Wyoming voters have spoken.
For years, we’ve know that our state faced a critical decision: how to fund government services amid declines in the energy sector, especially coal. We’ve seen changes in how our country powers itself and knew we’d need to either alter how our state brings in revenue or make significant cuts to live within our new means.
Some elected leaders, including our past three governors and some lawmakers, have acknowledged that reality and noted that simply cutting our way out of this problem was not realistic. Other lawmakers, including many in the conservative wing of the Republican Party, have maintained that there was plenty to cut before the conversation moved to evaluating our tax structure, removing tax exemptions or adopting new taxes to fund diversification of our economy.
This board has repeatedly sided with those who contend that Wyoming’s fiscal challenges can only be solved by a combination of cuts and new revenues. We’ve noted that relying on cuts alone will harm our schools, health care and other public services that are critical to many of us.
The majority of voters, it seems, disagree. During this election cycle, many of the lawmakers who espoused a middle approach found themselves on the losing end at the ballot box. The candidates who’ve beaten them, in large part, are far more conservative and anti-tax. Many have signed pledges never to raise taxes. It’s increasingly unlikely that the Wyoming Legislature will pair new revenues with this year’s massive set of budget cuts.
The voters have clearly expressed a preference for candidates who would shrink government services. Soon, we’ll learn how that philosophy works in practice.

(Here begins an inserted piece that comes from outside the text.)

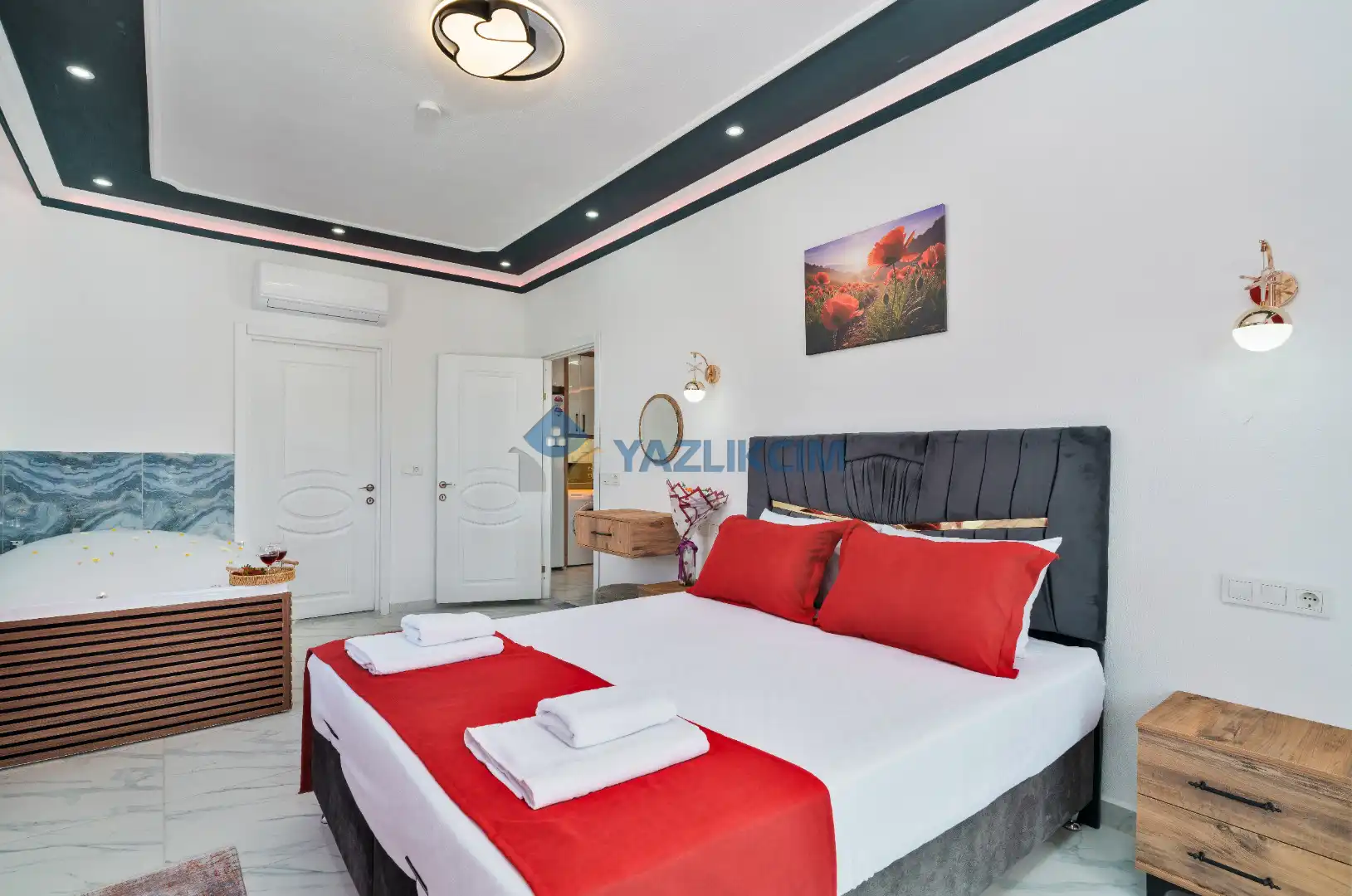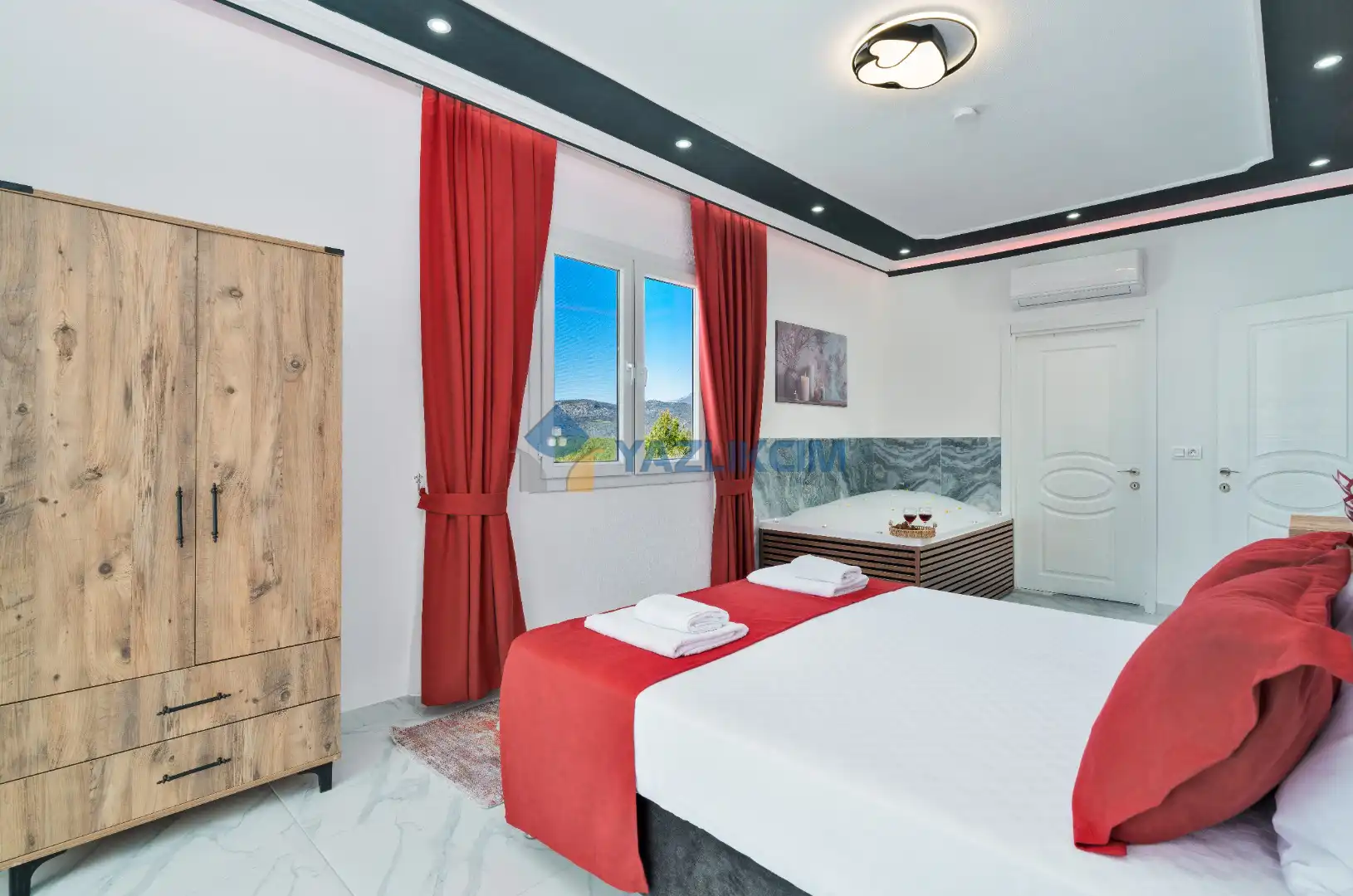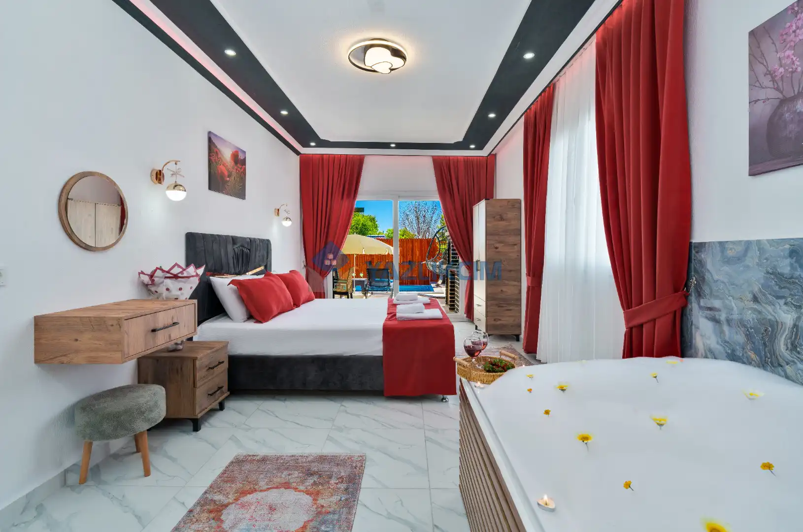 Detayları : Çift kişilik yatak, jakuzi, klima , komodin, elbise dolabı, makyaj masası, banyo ve lavabo bulunmaktadır.

On Monday, Gov. Mark Gordon announced a second round of budget cuts, this time totaling $500 million. They include reducing the Wyoming Department of Health’s budget, amid the worst pandemic in a century, by $135 million. The state’s higher education budget, meanwhile, will be slashed by 15%.
The first round of cuts, announced over the summer, amounted to another $250 million. Combined, the cuts will hit services that low-income residents, seniors and those with developmental disabilities rely on for support. Even programs that we look to for community safety weren’t spared. For example, there will now be fewer parole officers to monitor former prisoners after their release.
And more cuts are likely coming. The state still faces a shortfall of $300 million, and one area in particular is bracing for reductions: K-12 education. We’re far past the point of slashing waste and bloat.
Many in our state view government as something that’s grown too large and inefficient. These cuts, they would argue, might be brought on by a pandemic and an energy downturn, but they were a long time coming. We’ll now learn whether the fiscal pain from these reductions extend back to the voters, or whether this smaller form of government is exactly what they wanted.
We can’t help but wonder whether the decision to pursue cuts at all costs will be less popular as the reverberations from these reductions spread out across Wyoming. Consider among the first cuts that Gordon announced: the closure of a handful of rest stops around Wyoming. In the aftermath, residents expressed frustration with having so few options to stretch their legs and go to the bathroom. What will they say when a child with developmental disabilities falls further behind without necessary services? Will they be OK with parolees in their community receiving less supervision after leaving prison?
Wyoming started down this path a long time ago. We’ll soon learn whether it’s one we truly desire to walk.